Precision seed size and composition. BELL and MADS-box members influence cell identity and growth in the developing ovule. Tuning their timing or dosage offers a route to predictable shifts in seed size, protein-to-oil balance, or endosperm development. That connects upstream genetics to downstream processors who want more uniformity and less sorting loss.

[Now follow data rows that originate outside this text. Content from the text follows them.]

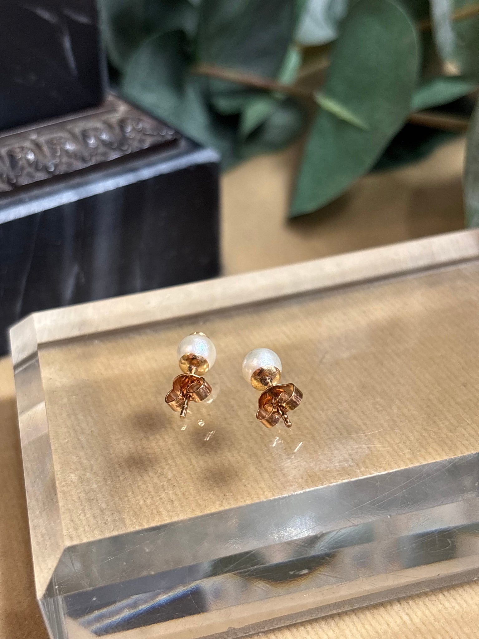 Örhängen 18k guld med odlade pärlor, 6mm. Med gulddetaljer på pärlan.
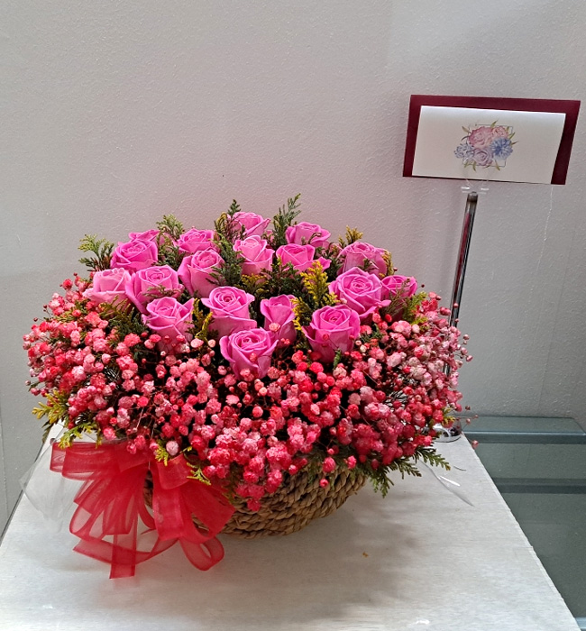 TV소개된 그 칼라안개와 핑크장미 꽃바구니
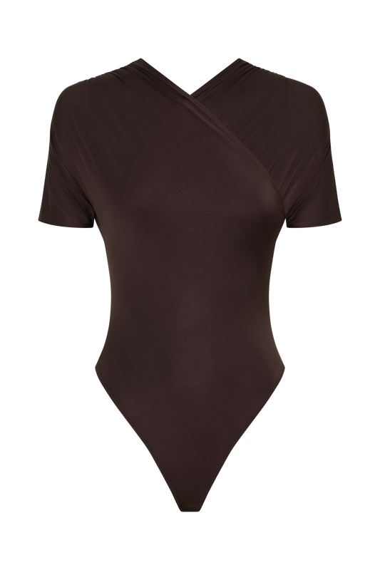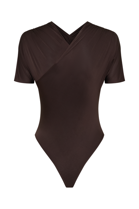 Shortsleeve Cross-Over Bodysuit - Chocolate
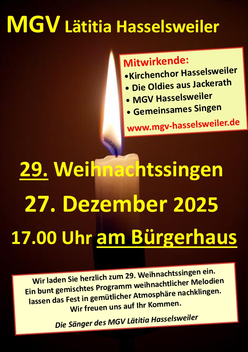29. Weihnachtssingen in Hasselsweiler am 27.12.2025 um 17.00 Uhr am Bürgerhaus
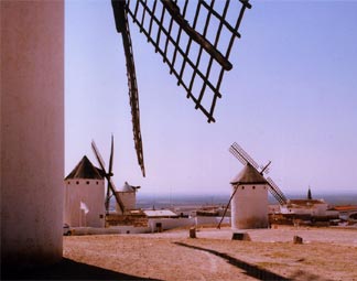 世紀にスペインに風車が伝えられた。当時としては先進的なこの装置はたちまち広がったが、今日その姿をとどめているものはほとんどない。カンポ・デ・クリプターナは教会以外には何もない小さな町だが、町の北側の丘の上に残された実際には使われていない数台の風車が、中世のラマンチャの面影を今に伝えている。
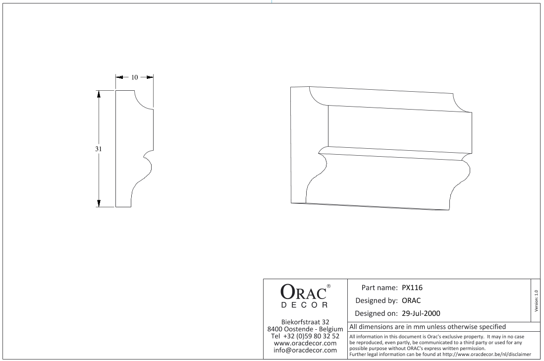 PX116 молдинг из дюрополимера от бельгийского производителя лепного декора ORAC DÉCOR (Oрак Декор).
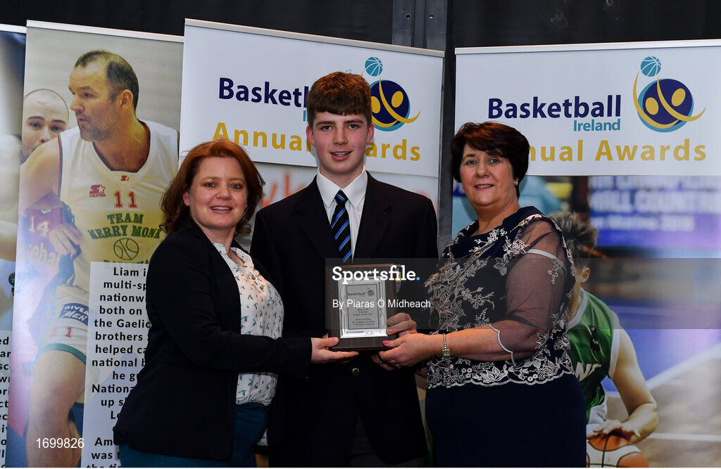 11 May 2019; Male U16 Schools Player of the Year Award winner Brian Gaffney from St Joseph’s The Bish, Co Galway, is presented with his award by Lorna Finnegan, PPSC, left, and Theresa Walsh, President of Basketball Ireland, during the Basketball Ireland 2018/19 Annual Awards and Hall of Fame at the Cusack Suite, Croke Park in Dublin. Photo by Piaras Ó Mídheach/Sportsfile
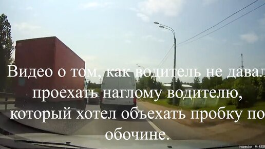 Видео о том, как водитель не давал проехать наглому водителю, который хотел объехать пробку по обочине.
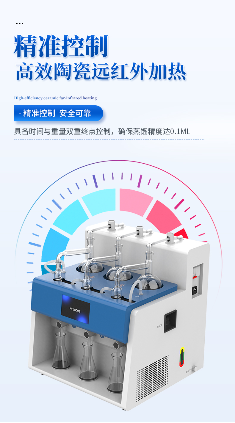 各級(jí)實(shí)驗(yàn)室的前處理實(shí)驗(yàn)過(guò)程中,蒸餾實(shí)驗(yàn)是非常常見(jiàn)且又非常重要的一項(xiàng)前處理步驟。但傳統(tǒng)的蒸餾裝置由于加熱,冷凝,接收等裝置部分結(jié)構(gòu)獨(dú)立,操作繁瑣,效率較低,故障率高,蒸餾過(guò)程中加熱溫度不易控制,終點(diǎn)無(wú)法自動(dòng)判斷停止,餾出液易倒吸,相應(yīng)帶來(lái)平行性差,回收率低等直接影響實(shí)驗(yàn)結(jié)果的現(xiàn)象等各種弊端。

A Practical Path From Lab to Field
The study’s value grows when paired with the tools seed companies already run at scale. Genomic selection models can absorb new markers tied to ovule regulators and improve prediction for traits that are costly to phenotype, like longevity or emergence under stress. Functional screens in maize, soybean, or canola can validate candidate genes from gymnosperm-informed shortlists using transient assays, then confirm in edited lines. Trait integration teams can layer the best variants into existing stacks with low regulatory risk when edits mimic natural alleles.
Translating this kind of discovery also benefits from pre-competitive collaboration. Public datasets reduce duplication and shared standards for ovule sampling and expression analysis make company-to-company findings more comparable. Once a small set of high-confidence targets is validated in models, the private work of trait integration, germplasm fit and market positioning can proceed faster.
“Our analysis of 14 gymnosperm genomes enabled us to discover 1,224 undocumented candidate ovule-regulated genes in the most highly annotated plant genome, Arabidopsis thaliana,” Coruzzi says. “A public–private partnership would enhance the translation of this gold-mine of candidate genes for seed resilience from lab to field.”
Subhead: The Next Frontier in Seed Design
There is a broader strategic signal here. Rather than only pushing deeper into variation within a crop, this work pulls knowledge laterally from a lineage that solved similar problems under different constraints. That cross-lineage perspective is how the industry found new herbicide targets, new disease resistance genes and new quality traits in the past. Gymnosperm ovule biology adds another lens, with a focus on the programs that make seeds seeds.
For R&D leaders, researchers say next steps are clear. Prioritize a short list of ovule regulators with strong evolutionary support and clean expression patterns. Build quick validation assays that tie those regulators to seed traits in one model and one priority crop. Add the best markers to genomic prediction pipelines, then start the slow, steady work of stacking the right alleles into elite families. Keep an eye on seed longevity, emergence under deficit moisture and uniformity of seed fill — the traits that pay in both farmer fields and processing plants.
As global agriculture faces pressure to grow more with fewer inputs, the ability to design seeds that perform under stress will define the next decade. Gymnosperms may have been first to the seed, but their legacy can help seed companies build the next generation of resilient, high-performing crops. The team says the blueprint is ancient, the opportunity is now.